> _Exercise_: Your copy should hold only the lines from the one with "Décédé à Liège (4020)" to the one with "One of the most", both included, each exactly as it stands below, with no pictures.

Stored data: Begin

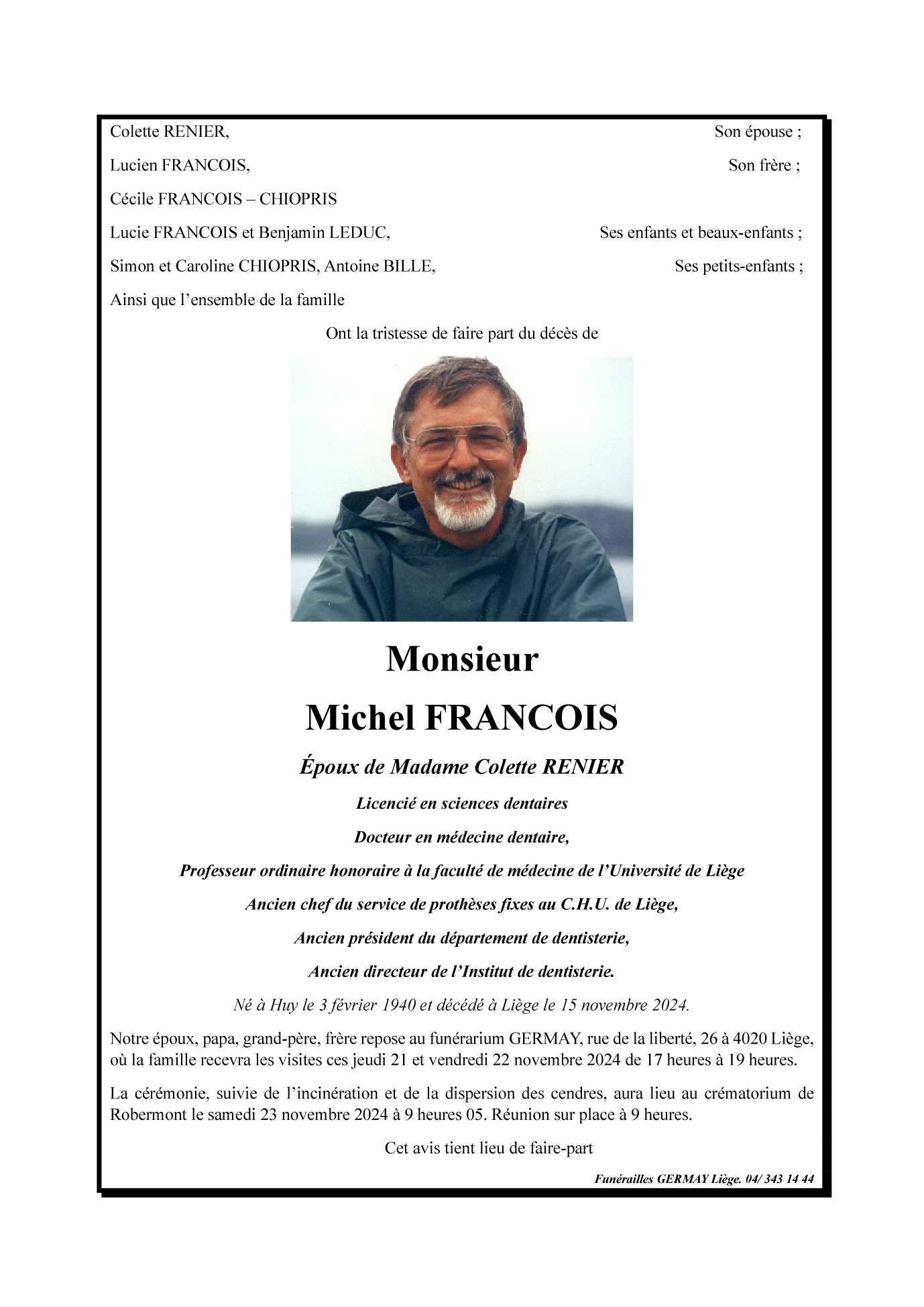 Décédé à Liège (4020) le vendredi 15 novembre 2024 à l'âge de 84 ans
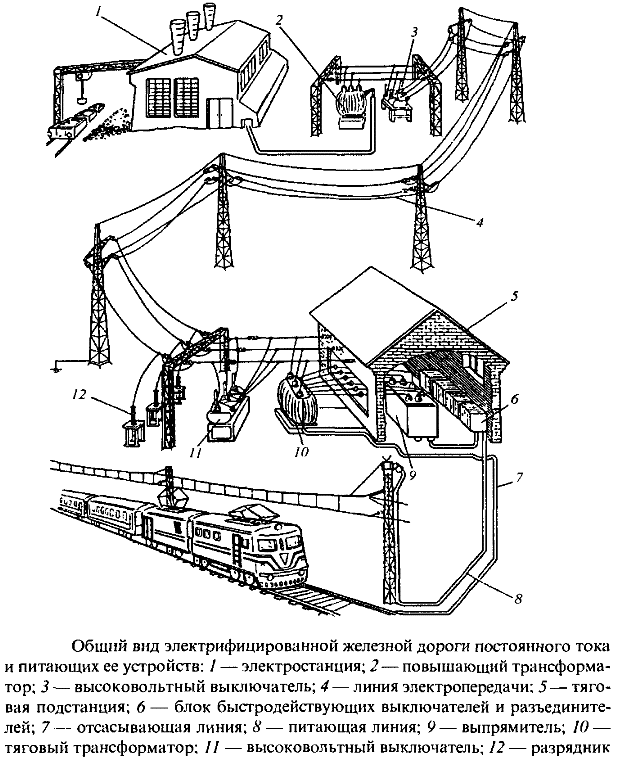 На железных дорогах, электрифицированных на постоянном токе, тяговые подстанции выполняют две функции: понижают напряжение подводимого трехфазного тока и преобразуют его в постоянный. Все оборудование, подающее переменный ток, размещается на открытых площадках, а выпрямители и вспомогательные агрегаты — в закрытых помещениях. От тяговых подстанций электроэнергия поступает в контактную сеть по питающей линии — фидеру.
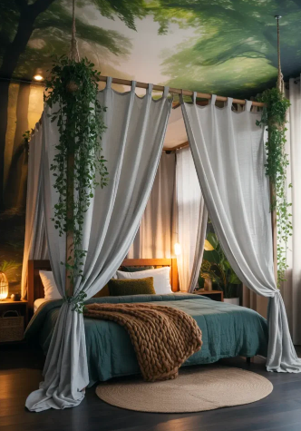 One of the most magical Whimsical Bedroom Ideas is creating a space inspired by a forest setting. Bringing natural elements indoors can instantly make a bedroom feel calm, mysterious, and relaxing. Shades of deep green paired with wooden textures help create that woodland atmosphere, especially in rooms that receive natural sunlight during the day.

Stored data: End
Stored data: Begin

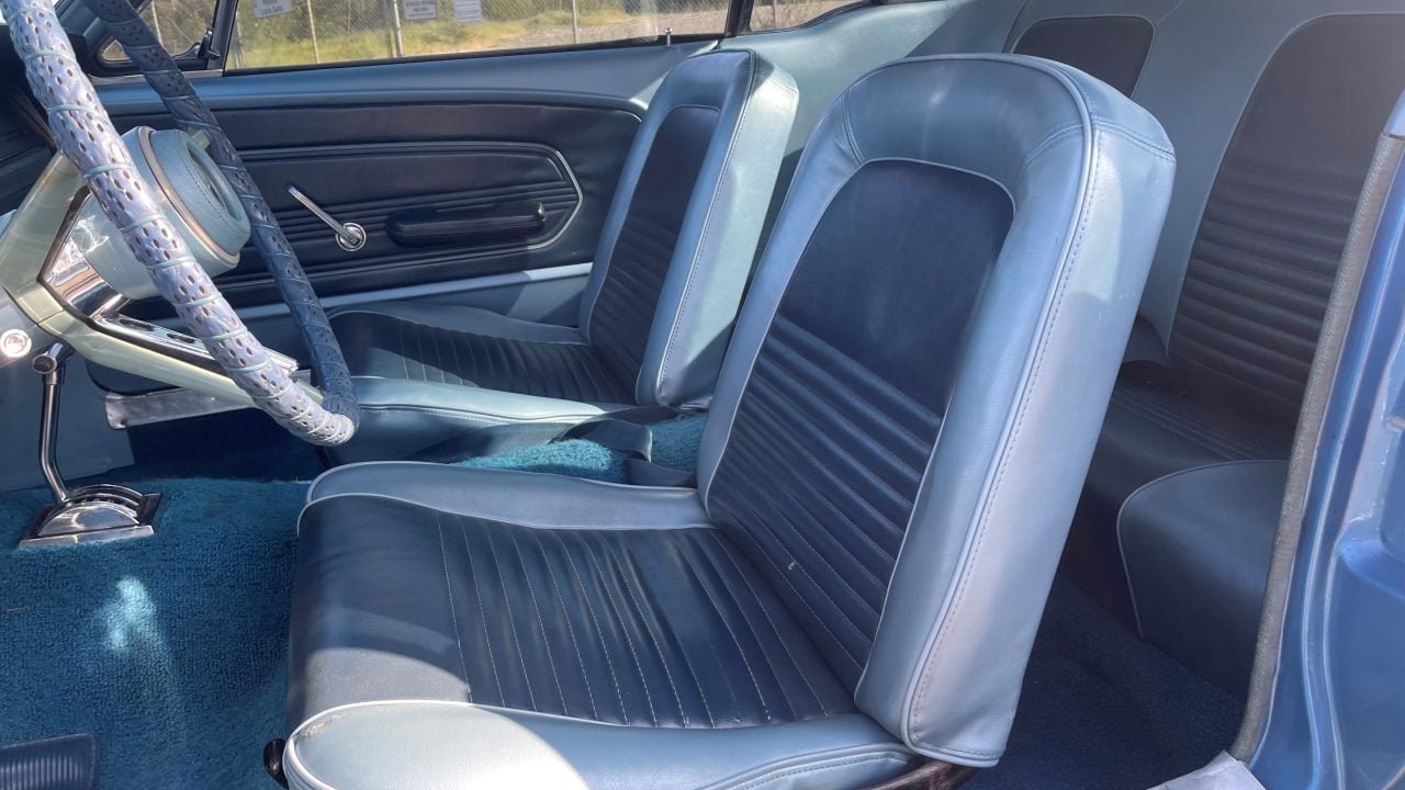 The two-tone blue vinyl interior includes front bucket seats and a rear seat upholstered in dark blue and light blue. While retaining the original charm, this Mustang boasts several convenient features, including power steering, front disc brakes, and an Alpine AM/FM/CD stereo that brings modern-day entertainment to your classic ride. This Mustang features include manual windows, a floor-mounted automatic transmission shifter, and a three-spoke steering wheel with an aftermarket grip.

Stored data: End
Stored data: Begin

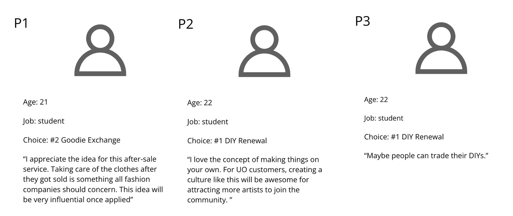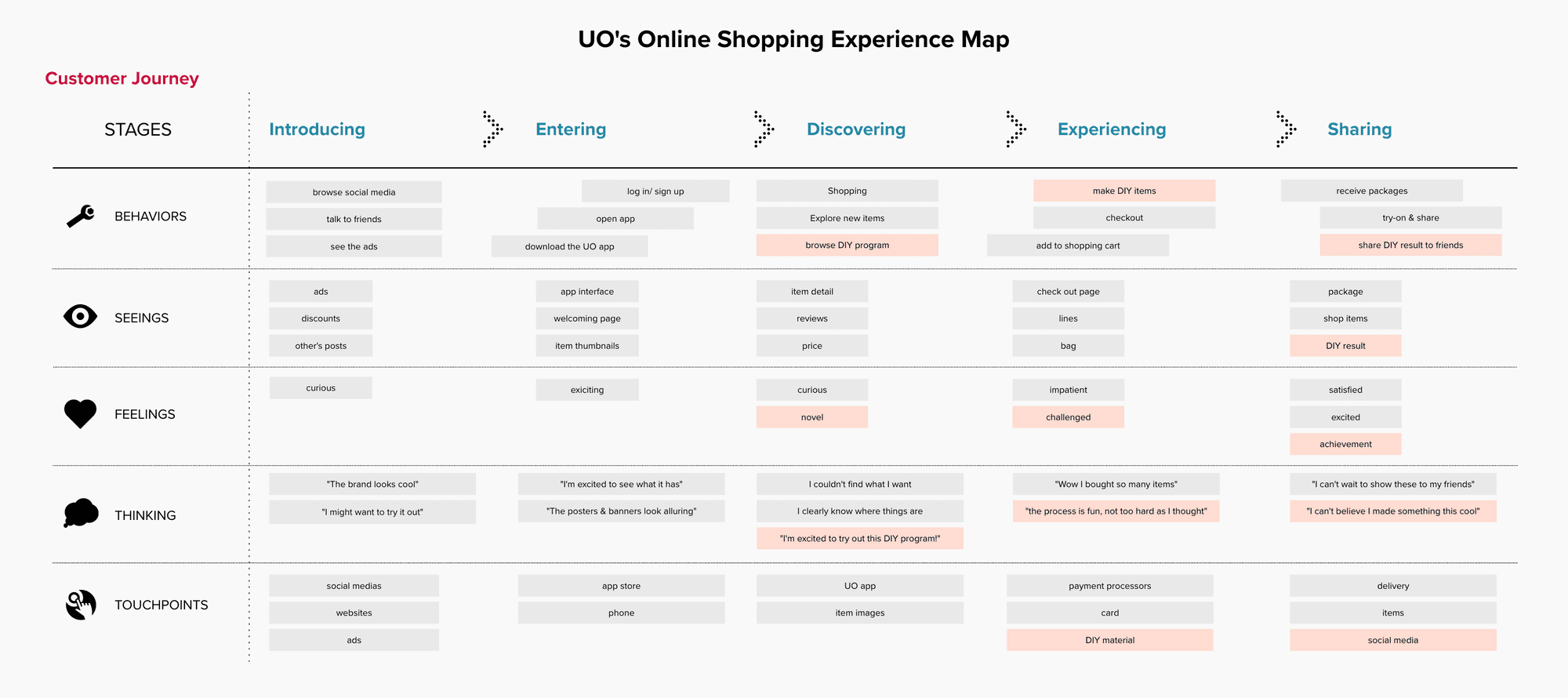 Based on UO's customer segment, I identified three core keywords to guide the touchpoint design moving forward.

Stored data: End

> _Written response_:
 Décédé à Liège (4020) le vendredi 15 novembre 2024 à l'âge de 84 ans
 На железных дорогах, электрифицированных на постоянном токе, тяговые подстанции выполняют две функции: понижают напряжение подводимого трехфазного тока и преобразуют его в постоянный. Все оборудование, подающее переменный ток, размещается на открытых площадках, а выпрямители и вспомогательные агрегаты — в закрытых помещениях. От тяговых подстанций электроэнергия поступает в контактную сеть по питающей линии — фидеру.
 One of the most magical Whimsical Bedroom Ideas is creating a space inspired by a forest setting. Bringing natural elements indoors can instantly make a bedroom feel calm, mysterious, and relaxing. Shades of deep green paired with wooden textures help create that woodland atmosphere, especially in rooms that receive natural sunlight during the day.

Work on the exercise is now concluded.